Process substitution creates a temporary anonymous file descriptor (typically under /dev/fd/) that exists only for the duration of a single command, while a named pipe is a persistent filesystem entry created with mkfifo that remains available until explicitly deleted. Process substitution works best for one-off operations with single consumers, whereas named pipes support multiple concurrent readers and writers across different processes and shell sessions.

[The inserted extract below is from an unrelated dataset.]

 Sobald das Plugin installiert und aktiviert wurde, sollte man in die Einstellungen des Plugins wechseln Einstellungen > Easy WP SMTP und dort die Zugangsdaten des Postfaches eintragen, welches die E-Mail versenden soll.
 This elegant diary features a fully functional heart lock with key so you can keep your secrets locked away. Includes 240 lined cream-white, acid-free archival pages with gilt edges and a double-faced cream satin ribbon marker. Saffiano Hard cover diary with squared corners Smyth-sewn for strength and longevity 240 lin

How do I use process substitution with commands that only accept filenames?

Wrap your command output using the <(…) syntax where you would normally provide a filename. For example, diff file1 <(command) treats the output of command as the second file for comparison. Bash automatically manages the underlying file descriptor at paths like /dev/fd/63, making the stream appear as a regular file to the consuming application.

Can multiple processes read from the same process substitution?

No. Process substitution creates a single-use file descriptor that can only support one consumer. If you need multiple processes to read the same data stream simultaneously, create a named pipe using mkfifo, which allows any number of readers to open the FIFO and consume the data concurrently.

When should I use `>(command)` instead of `<(command)`?

Use >(command) when you need to write data to a command that expects a filename for output rather than reading from stdin. This is the write-only counterpart to input process substitution, useful when a program requires an output file argument but you want to process or filter that data immediately through another command in your pipeline.